Would you print the data below exactly, leaving out every picture?

___ MATERIAL PROVIDED

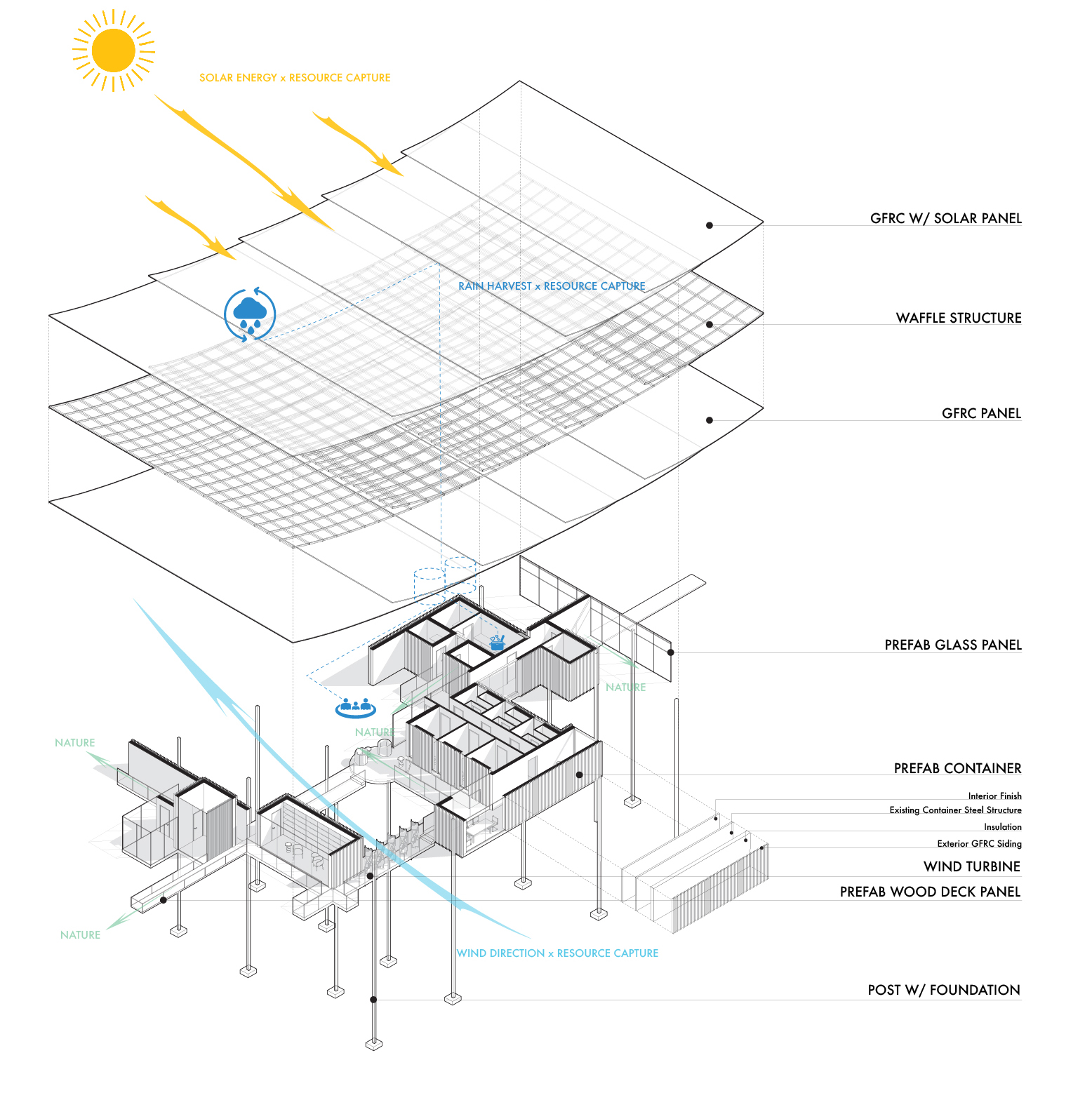 These containers are not placed in isolation but supported within a lightweight column grid. The roof, made of GFRC panels, joins the grid to form an assemblable and detachable shelter. Light in weight yet structurally precise, it resists heavy wind and rain while allowing light and air to flow freely.
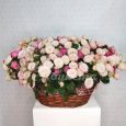 Корзина красных роз с эвкалиптом
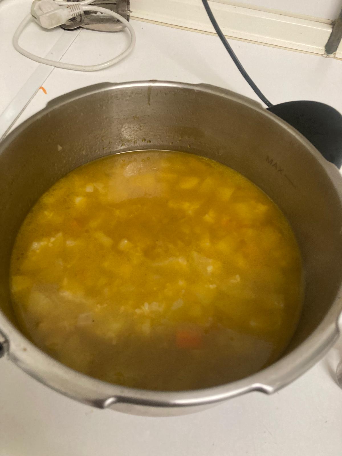 - Enfriamos la olla hasta que se baje el pitorro, la abrimos, y trituramos con una batidora. Rectificamos de sal si es necesario.
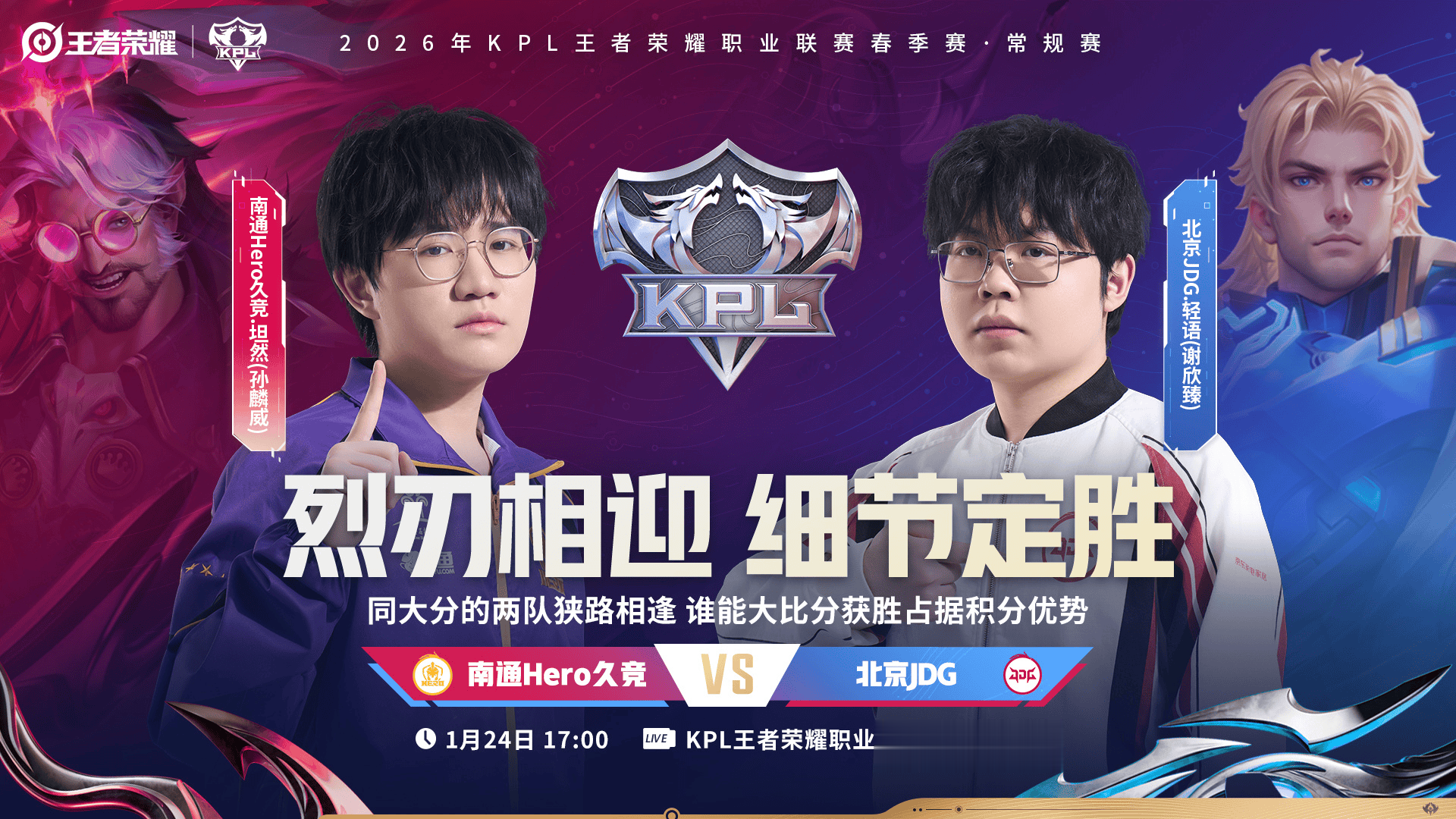 南通Hero久竞_坦然(孙麟威)与JDG清融v(黄垚钦)老队友再相遇,作为曾经的冠军五人组中唯二仍活跃在赛场上、稳定首发的选手,谁能帮助队伍拿下这场比赛的胜利?
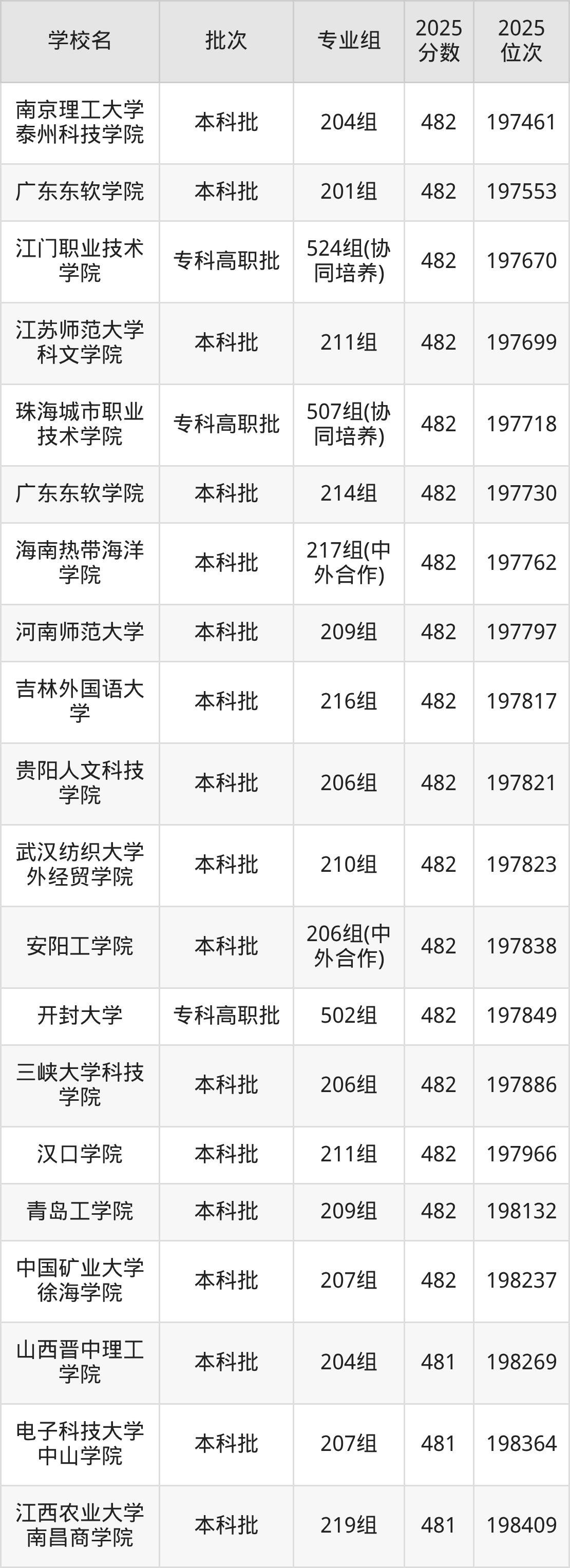 2025年广东高考物理类482分(196472名~198253名)能上的大学有河南师范大学209组、新疆和田学院215组、长沙医学院204组、吉林外国语大学216组等。
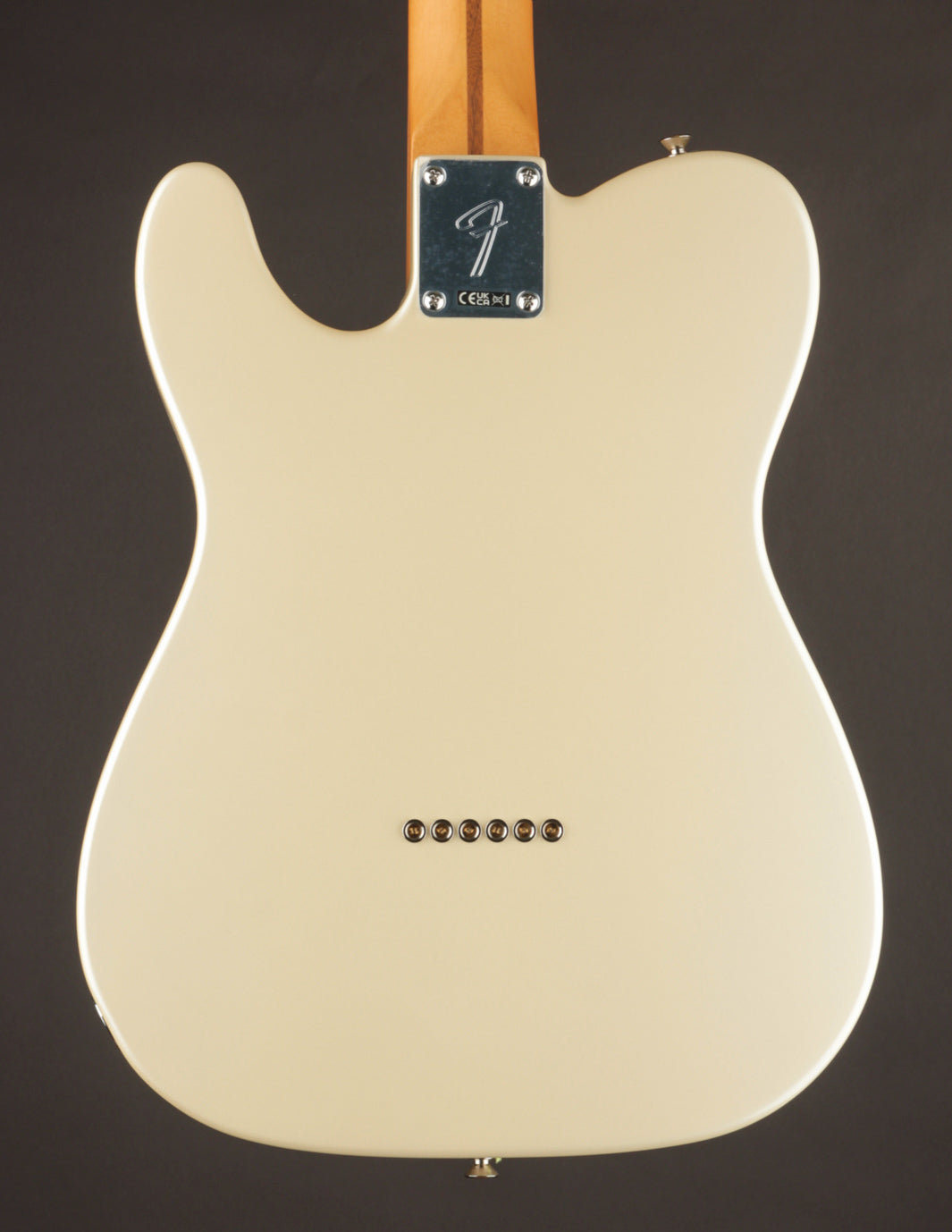 This Olympic Pearl Tele features a classic alder body and a 1-piece maple neck - a time-tested tonewood combo. Loaded with Player II Noiseless pickups, it delivers everything you'd expect from a great Tele:

______

*SOLUTION TO THIS EXERCISE*:
 These containers are not placed in isolation but supported within a lightweight column grid. The roof, made of GFRC panels, joins the grid to form an assemblable and detachable shelter. Light in weight yet structurally precise, it resists heavy wind and rain while allowing light and air to flow freely.
 Корзина красных роз с эвкалиптом
 - Enfriamos la olla hasta que se baje el pitorro, la abrimos, y trituramos con una batidora. Rectificamos de sal si es necesario.
 南通Hero久竞_坦然(孙麟威)与JDG清融v(黄垚钦)老队友再相遇,作为曾经的冠军五人组中唯二仍活跃在赛场上、稳定首发的选手,谁能帮助队伍拿下这场比赛的胜利?
 2025年广东高考物理类482分(196472名~198253名)能上的大学有河南师范大学209组、新疆和田学院215组、长沙医学院204组、吉林外国语大学216组等。
 This Olympic Pearl Tele features a classic alder body and a 1-piece maple neck - a time-tested tonewood combo. Loaded with Player II Noiseless pickups, it delivers everything you'd expect from a great Tele:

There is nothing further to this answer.